さらに、それを受付嬢のリムルが受諾していた。
 
「うそ!?」
「そんな!?」

 私とソフィアは同時に立ち上がる。
 そんな私とソフィアの腕をグローブともう一人の神官が掴んでくるけど、同時に振りほどく。

「なあ? カンダがお前たちを捨てたんだぜ? 俺達と仲良くしようぜ? 冒険者パーティBランクなんだからさ」
「話を聞く限り、教会が嫌いなんだろ? そんな回復魔法師にロクな奴いないって!」

 二人が、私たちの神経を逆撫でするような物言いで諭そうとしてくるけど逆効果にも程がある。

「どくの!」

 私は、すぐに受付に歩いていく。
 そして新人だと思われる女性に「リムルはどこにいるの!」と大声で怒鳴った。

「か、カンダ様なら……リムル先輩の案内で開拓村に……それに今はリムル先輩が用事で外に出ていて……」

 新人の冒険者ギルド受付嬢の言葉を聞いてブチ切れた。
 あのリムルって女……カンダさんを逆恨みして嫌っているのは知っていたけど、オークが出没する危険だと言われている開拓村の仕事にカンダさんを行かせたなんて……許せないの!
 怒りでどうにかなりそうになっていたところで、「リア! すぐに市場に向かいましょう! 開拓村のクエストを受けているのなら食料とか買い揃えていると思うから!」と、ソフィアが叫んできた。

「分かったの!」

 すぐに二人して冒険者ギルドを出ようとすると、額に青筋を立てたグローブと、カンダさんの膝を治すと言っていた神官が入り口の前に立っていて通れないようにしていた。
 カンダさんの膝が治せるかも知れないと思って、愛想よくしていたのに……。

「そこを退くの!」
「あんな男のどこがいいんだよ? 俺の方がずっと良い男だろう?」
「あんな男……」

 段々と苛立ってきた。
 同じパーティメンバーと戦ったら冒険者ギルドから追放されるかも知れないけど、今の「あんな男」という言葉は……許せなかった。
 外への出入り口を封鎖している男たちに杖を向けると、ソフィアが横に並んだのが気配から察することができて――。
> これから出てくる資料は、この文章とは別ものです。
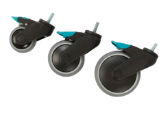
Hjul med broms 75, 100, 125mm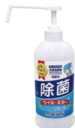
700ml ボトル 詰め替え用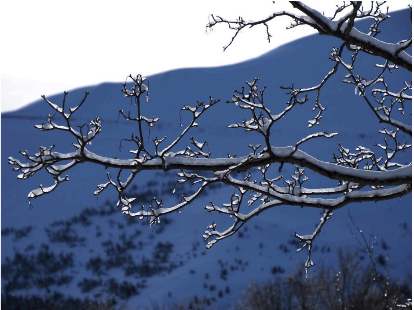
6 – 8 – Leggera Galaverna ai Piani Gra.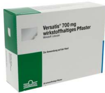
PZN: 15631597 Versatis 700mg 30 wirkstoffhaltige Pflaster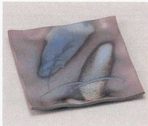
19706-314 雲海芦正角皿 3,450円 30入 (23.3×23.3×2cm)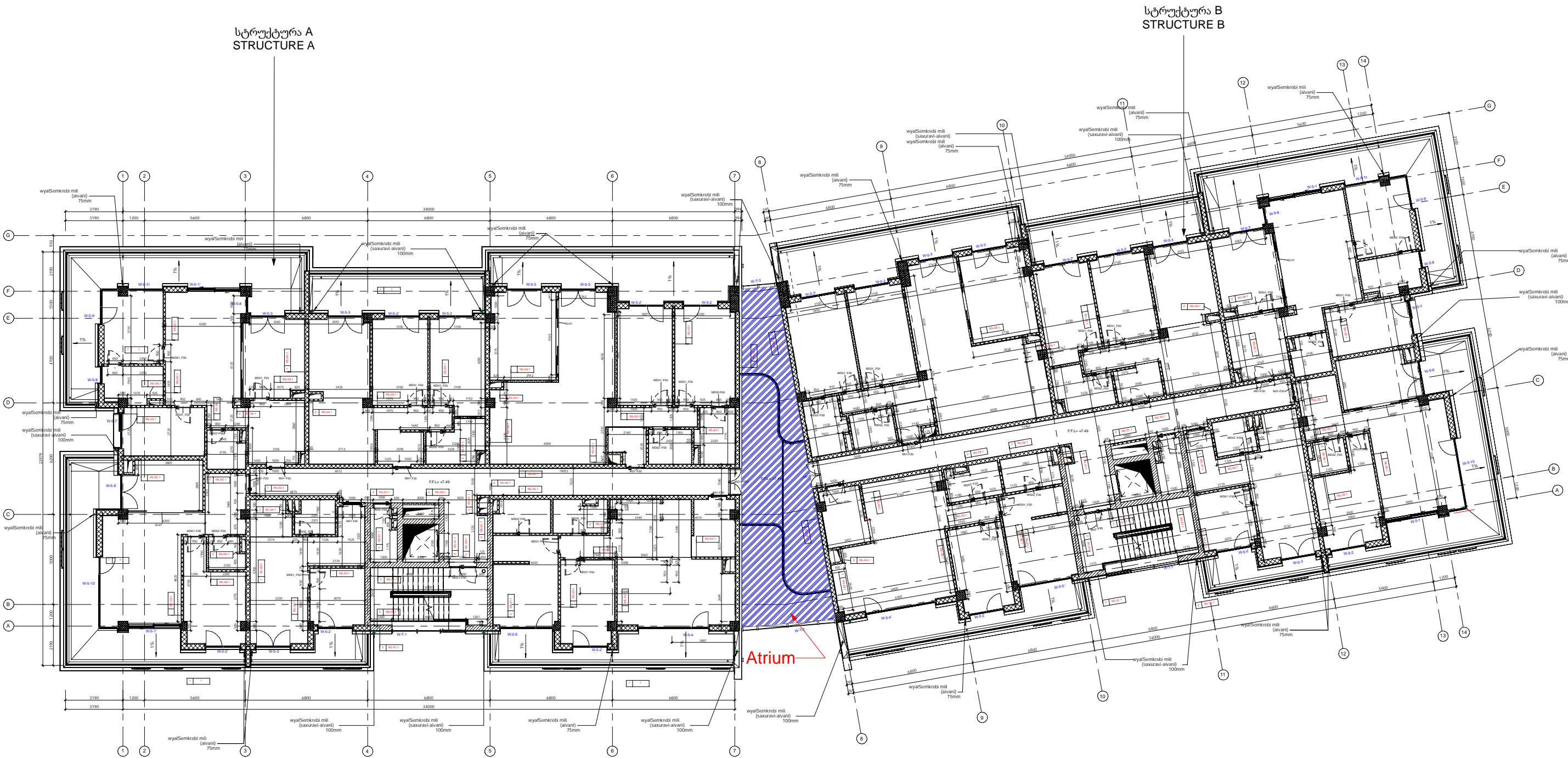
სტრუქტურა A STRUCTURE A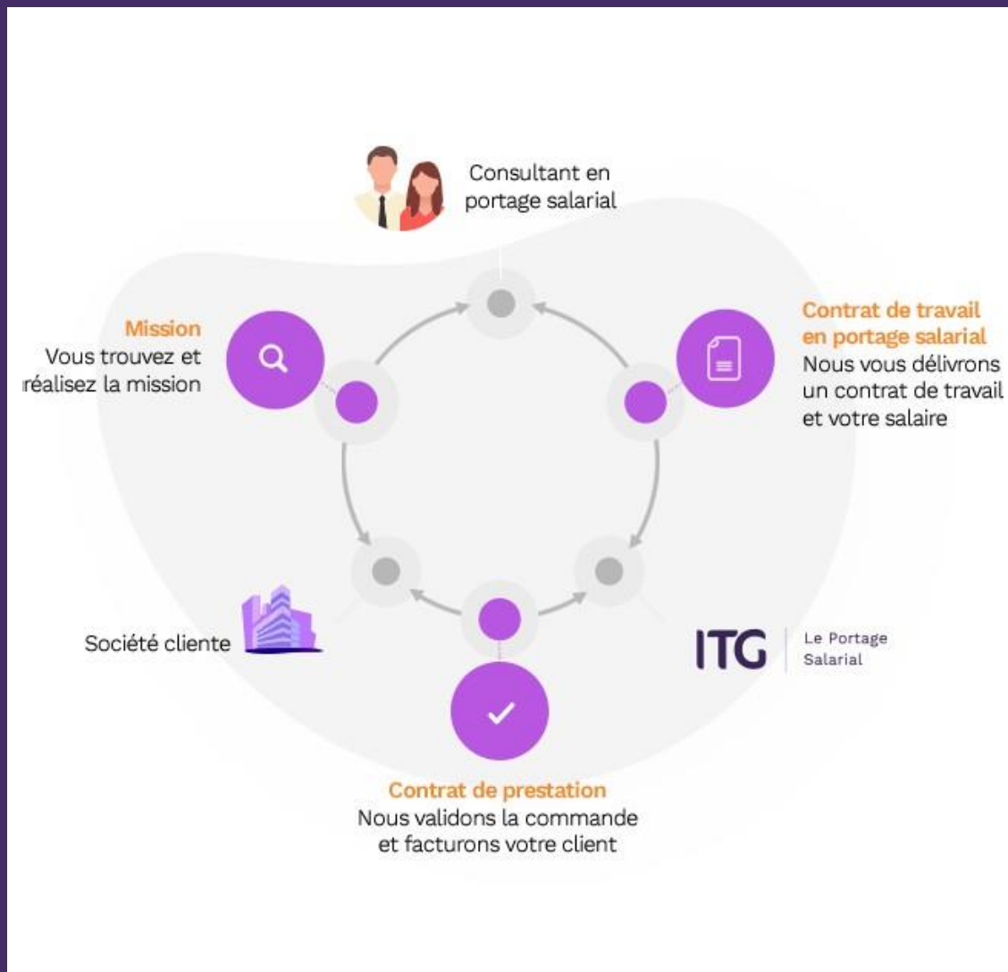
SCHÉMA DE LA RELATION EN PORTAGE SALARIAL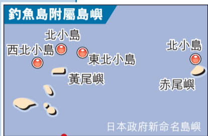
釣魚島附屬島嶼 西北小島 北小島 東北小島 黃尾嶼 赤尾嶼 日本政府新命名島嶼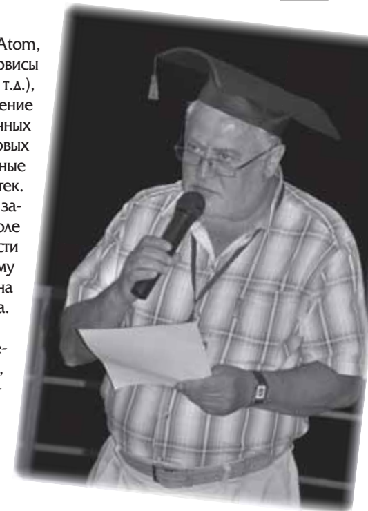
Верховный судья Б.И. Маршак

Ещё одна из актуальных тем конференции – защита персональных данных,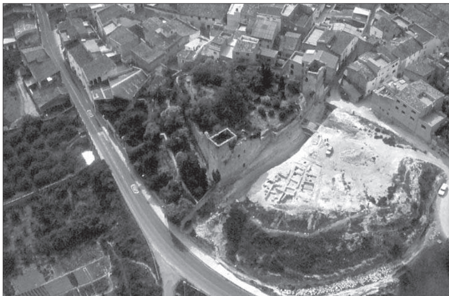
Figura 1. Vista general del turó del Castell del Catllar.

la investigació no podem concretar una datació acurada, podem avançar que ens trobem en un moment de l'edat del bronze final.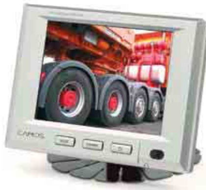
5" TFT LCD Farb-Monitor 5" TFT LCD Colour-Monitor

2 Kamera Eingänge 2 Camera Inputs Stromversorgung 12V Power Supply 12V inkl. Fernbedienung Remote Control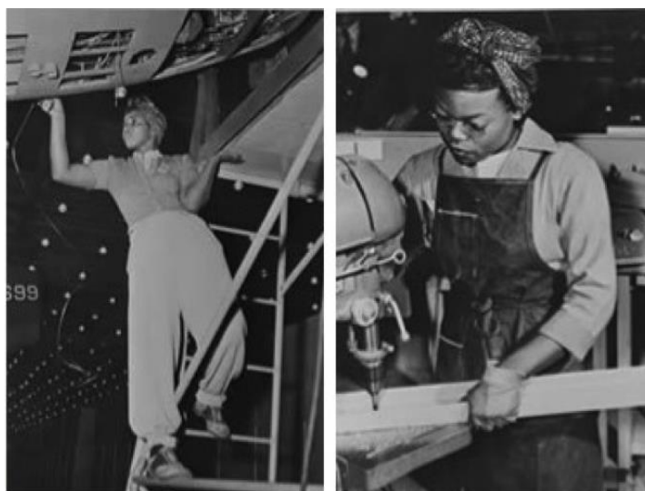
Fig. 10 e 11: California, 1942. Trabajadoras en fábrica de aviación militar.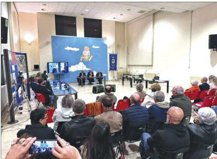
Un momento della presentazione; a destra «La città di Tebe»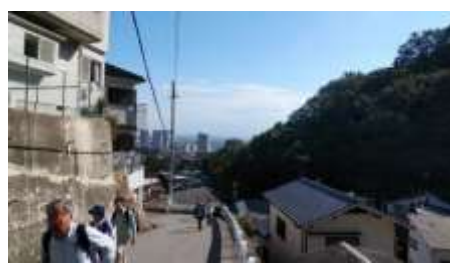
長い登りが続きます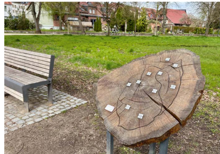
An einer Baumscheibe einer alten Eiche werden über QR-Codes per Smartphone zehn Perleberger Geschichten hörbar gemacht. Es gibt zwei solcher Baumscheiben im Stadtgebiet: am Bahnhof und hier im Hagen.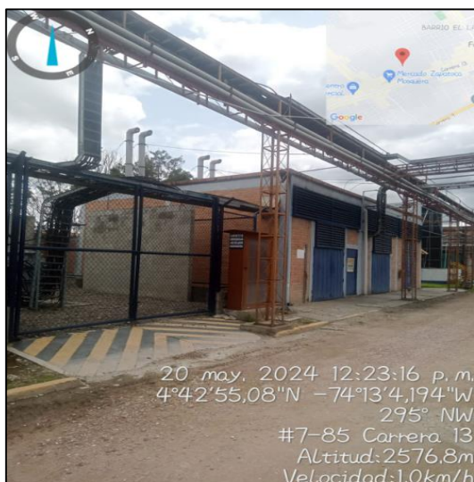
Ilustración 7. Planta Eléctrica

Ubicada en las coordenadas 4^{\circ}42'54,972'' N y 74^{\circ}13'4.8'' W donde se observan 4 ductos, cuyo funcionamiento es a base de ACPM, no se tienen datos de altura de las chimeneas, se manifiesta que la planta se activa de manera manual cuando se presentan cortes de energía de la red de ENEL. Se aclara en este punto que la planta no hace parte de un proceso continuo de la planta.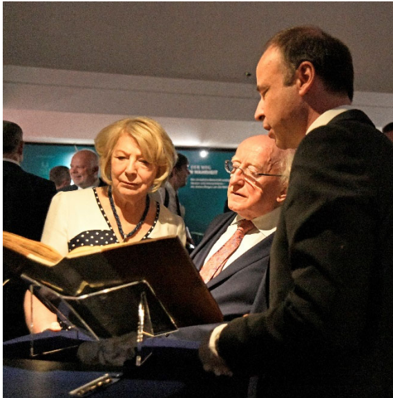
Das Präsidentenpaar bewundert die irischen Schätze in der Universitätsbibliothek.

Martyrium der drei Frankenapostel zeigt. Ein schwerer, mit Edelsteinen verzierter Silberrahmen birgt seit ca. 1495 unter Bergkristallen Reliquien der Heiligen Kilian, Kolonat und Lorenz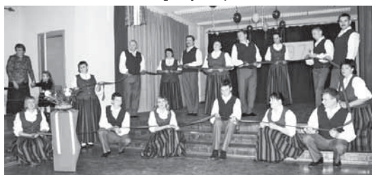
Pilskalnes vidējās paaudzes deju kolektīvs "Sarma," veidojot Latvijas kontūru, skaitīja dzejoļus par Latviju.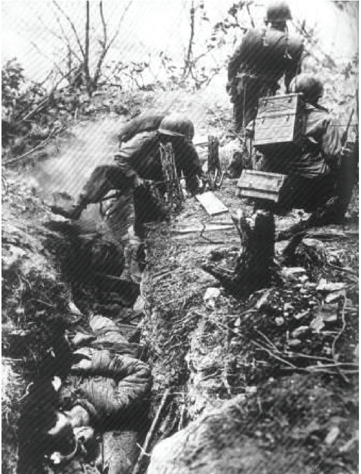
Soldados del Batallón Colombia en el asalto a Chamizo -Corea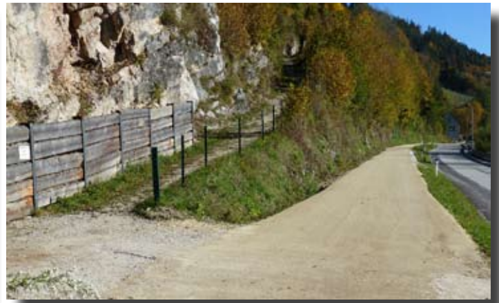
Neue Graderplanie am Gehweg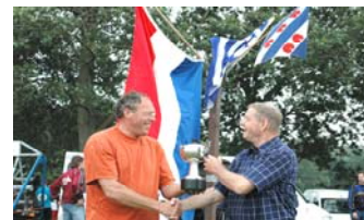
Zowel de Nederlandse Kampioenschappen als de jaarlijkse Tweekamp tussen Holland en Friesland worden georganiseerd onder auspiciën van de NFB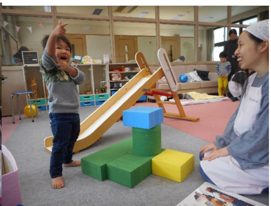
JくんはHくんのお兄ちゃんになりました。今日は、お姉さんとも面白いもの作っていたね。自分のイメージで遊びこむ姿に、初めて参加した栄養士志望のお姉さんも元気もらいます。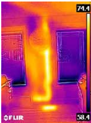
墙壁中的热水排水管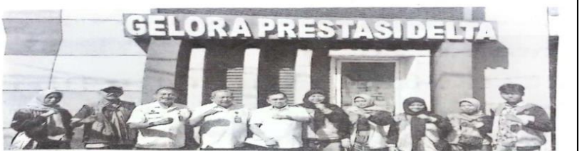
Para atlet youth putri arung jeram Sidoarjo, kemarin, dilepas oleh Ketua Umum IKONI Sidoarjo, di kantor Koni Sidoarjo, untuk bertanding dalam Kejurnas arung jeram di Jakarta.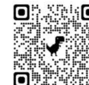
Letter to the Editor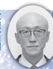
産業経済部長 塩谷 明永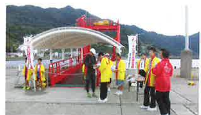
鹿島スポーツ少年団、海星中、海陽中の生徒による街頭募金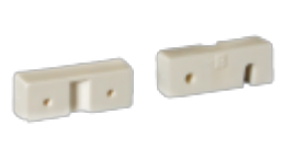
BRAKE BLOCK FOR BANDER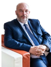
Miroslav Toman ministr zemědělství

Kolegyně a kolegové, chci vám poděkovat za vaši práci, která je v současné situaci nesmírně důležitá, díky vám máme v obchodech dostatek potravin pro obyvatele a patří vám za to uznání. Přeji vám všem pevné zdraví.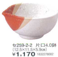
セ259-2-2 片口4.0鉢 (12.5×11.5×5.9cm) ¥1,170 1832278002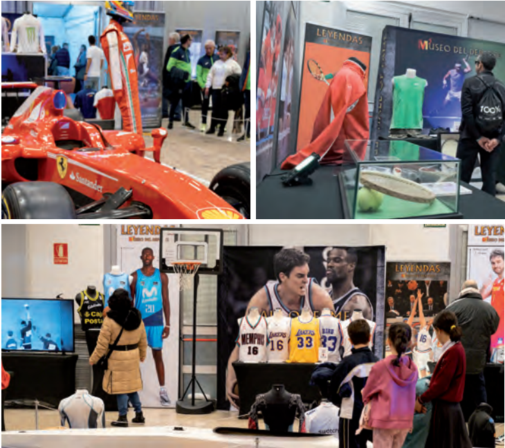
Detalle de algunos de los materiales y deportes de la muestra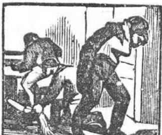
20 A un infeliz los ladrones roban dinero y colchones.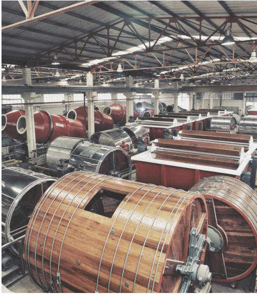
[2700 metre karelik imalat alanı]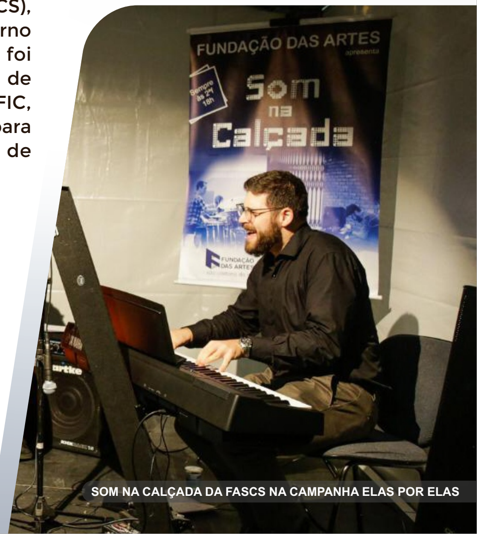
SOM NA CALÇADA DA FASCS NA CAMPANHA ELAS POR ELAS

O projeto “Som na Calçada” da Fundação das Artes, participou do lançamento da Campanha “Elas por Elas”, - projeto de conscientização e prevenção ao câncer de mama, realizado pelo Fundo Social de Solidariedade de São Caetano do Sul, em parceria com a Secretaria de Saúde.

「ソフィア、止めても無駄なの! カンダさんを侮辱した物言いは許せないの!」
「止めませんよ?」

 横目でソフィアを見る。
 彼女も弓を番えてグローブの額に鏃の先を向けていた。

「――お、おい……じ、冗談だよな……」

 グーなんとかって男が慌てて両手を広げて何か言っていたけどファイアーボールで、扉ごと吹き飛ばすと静かになった。
 手加減はしたから生きていると思うけど神官ごと吹き飛ばしたから、たぶん教会もあとで文句を言ってきそう。

「リア! 早くいきましょう!」
「分かったの!」

 私とリアは市場へと走り……。
 市場をあっちこっち必死に探したけど、カンダさんとは行き違いになって会う事はできなかった。

「ソフィア! 開拓村エルにいくの!」
「歩きになるから、すごく時間かかるわね……」
 
 その日のうちに宿を引き払う。
 後々、文句を言われても困るから冒険者ギルド建物修理費を支払った。
 ただ身内で私闘を厳禁としていた冒険者ギルドからは、冒険者の資格を剥奪されてしまった。

 まぁ、もう十分に稼いだし別にいい。
 今は、カンダさんに会いにいくことが重要だから。

「きっと、カンダさんは膝を痛めて一人では何も出来なくて大変なはずなの! オークもいるかもしれないから急ぐの!」
「そうね! 急ぎましょう!」
「目指すは、開拓村エルなの!」

 私とソフィアは、旅の支度をしてカルーダの港町を出た。